We decided the next step for us is to start the IVF protocol. We are skipping over IUI because we know that IVF, while it may be more invasive, will give us the better odds. Speaking of odds, I am not really one for statistics. Outcome odds and statistics aren't even worth wasting my time researching and thinking about. When I was first pregnant, my doctor gave me the go ahead to start announcing because my "chances of miscarrying that far along were so small". My last pregnancy, we got to a point where my doctor told me my chance of losing the pregnancy was only 1%. So excuse me if I am not one for putting my faith into statistics. At this point, anything can happen so why even try to calculate what may or may not happen in a world where nothing can be guaranteed and yet nothing is impossible.

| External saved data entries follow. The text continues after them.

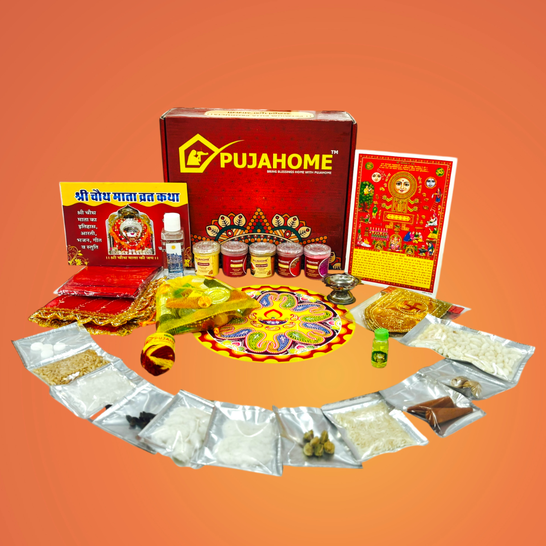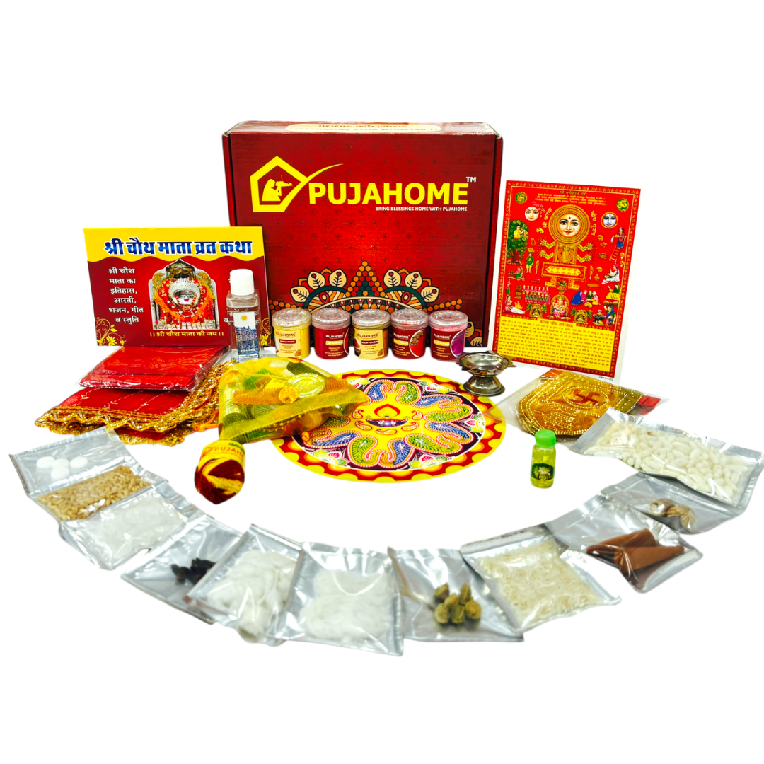 Celebrate the timeless tradition of Karwa Chauth with the comprehensive Pujahome Karwa Chauth Puja Samagri Kit. This meticulously curated set ensures you have all the essentials for a spiritual and authentic Karwa Chauth observance, from honoring Chauth Mata to beautifying oneself with NavShringaar Saman.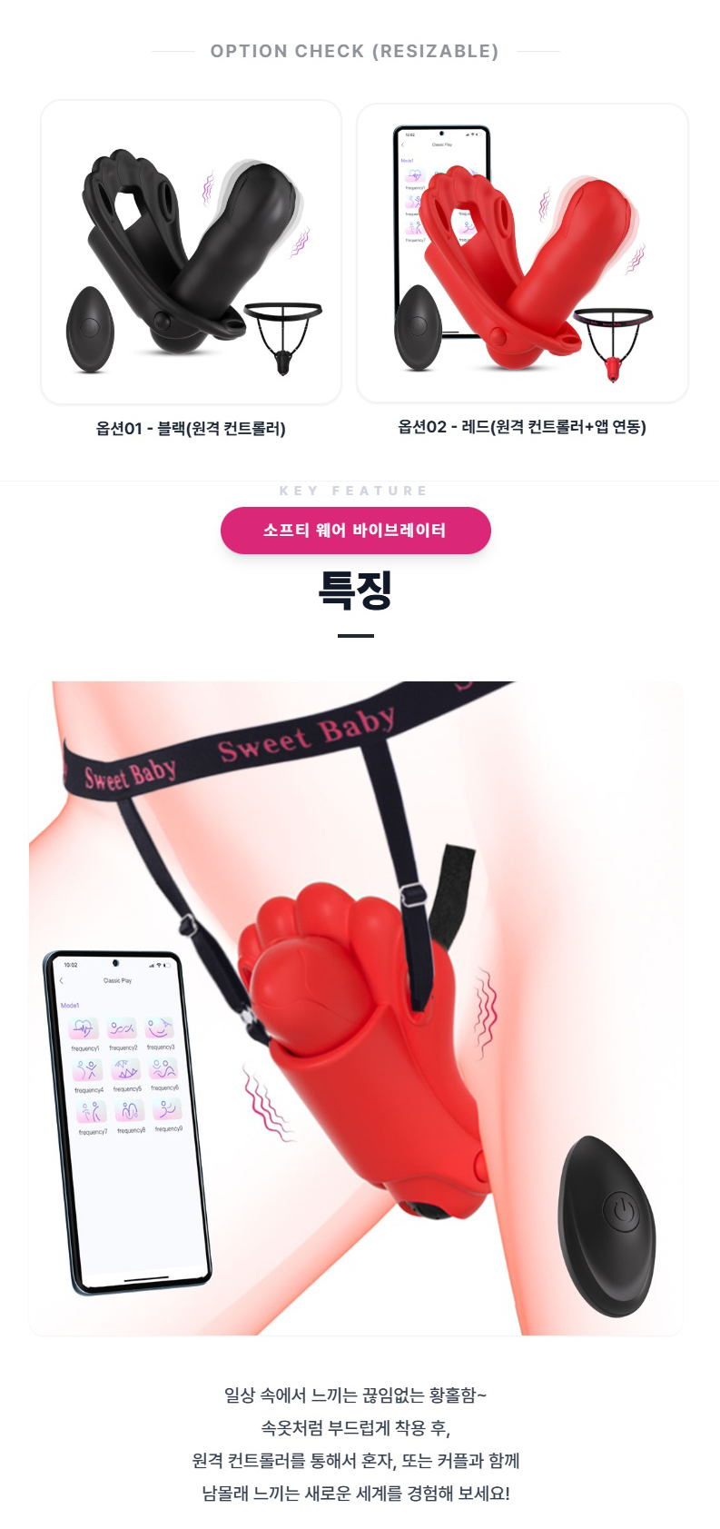 • 실리콘 제품의경우 란제리 착용시 이염될 수 있으므로, 특히 색상이 있는 란제리 착용시 주의 바라며 착용시 충분한 세탁후 착용 바랍니다.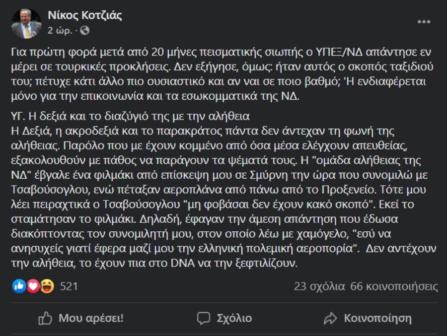 Ο κ. Κοτζιάς αναφέρει ότι απάντησε τότε με χαμόγελο στον Τσαβούσογλου ότι «εσύ να ανησυχείς γιατί έφερα μαζί μου την ελληνική πολεμική αεροπορία»: «Δεν αντέχουν την αλήθεια, το έχουν πια στο DNA να την ξεφτιλίζουν» καταλήγει.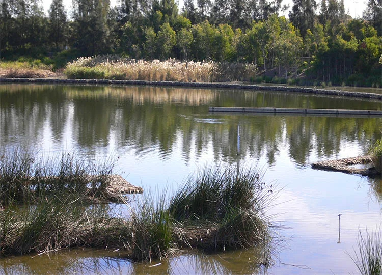 The wall appears to mark the change of depth of the wetland, with planting contained in the shallower water between (it's been chopped back in these images), and clear deep water out in the main body of the wetland.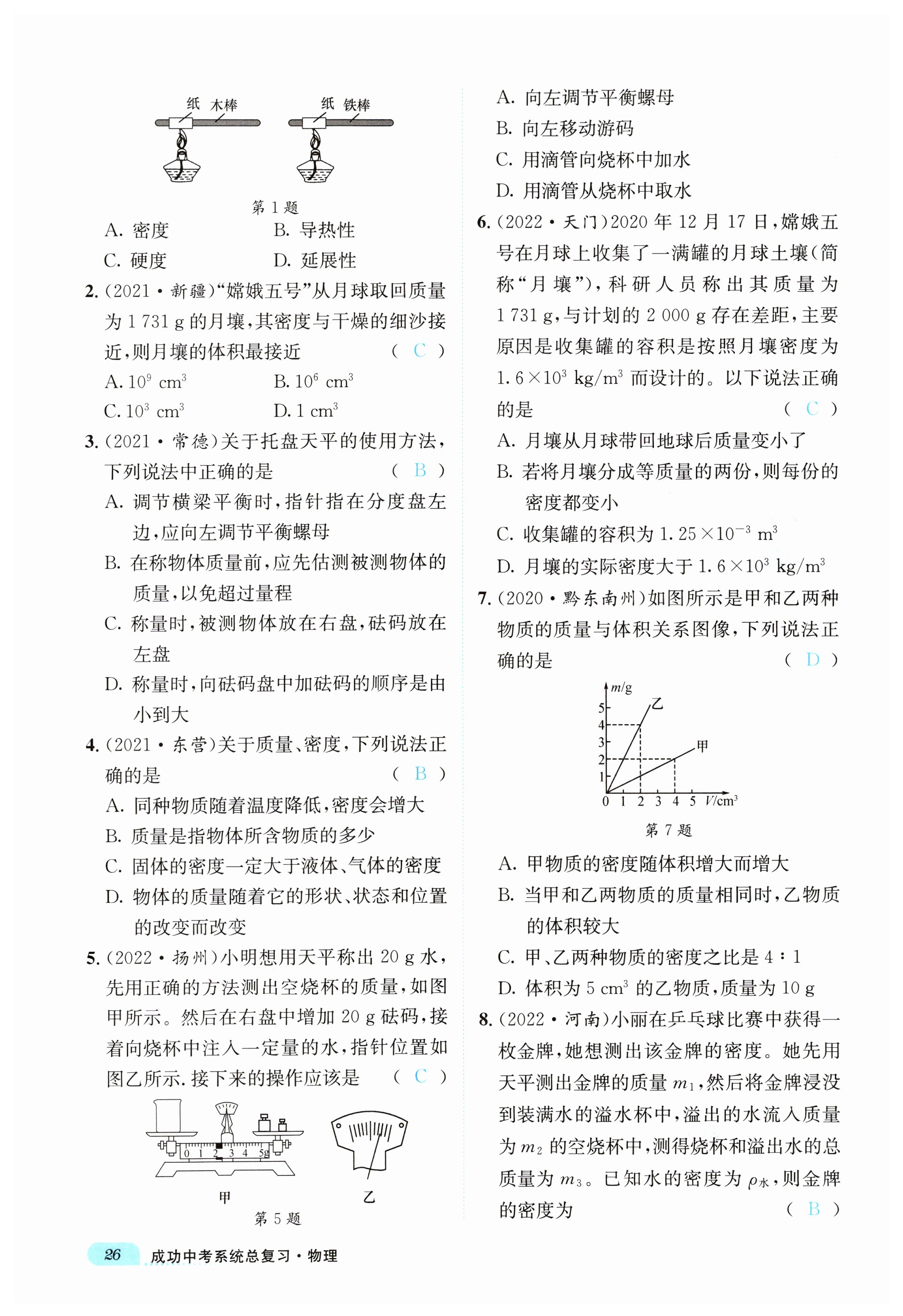 注:目前有些书本章节名称可能整理的还不是很完善,但都是按照顺序排列的,请同学们按照顺序仔细查找。练习册 2023年成功中考系统总复习物理人教版 答案主要是用来给同学们做完题方便对答案用的,请勿直接抄袭。

Like our last cycles, we debated actually telling anyone what we are going through. Again, for what reason? We have been very open about what we have been through over the years, with pregnancy announcements, talking about our losses, honoring our son's memory regardless of how short it was, hearing other's stories they've shared with us, etc. Why should this be any different? If anything, explaining what we are going through to people will hopefully mean they will be more understanding, right? Wrong. Those who have not lived through what we have/are, can't understand. They can be empathetic and supportive and for that we love them, but they can't understand. It's not possible for someone who's body works properly to understand everything someone who's body doesn't work properly goes through. And that can be a pretty lonely thing.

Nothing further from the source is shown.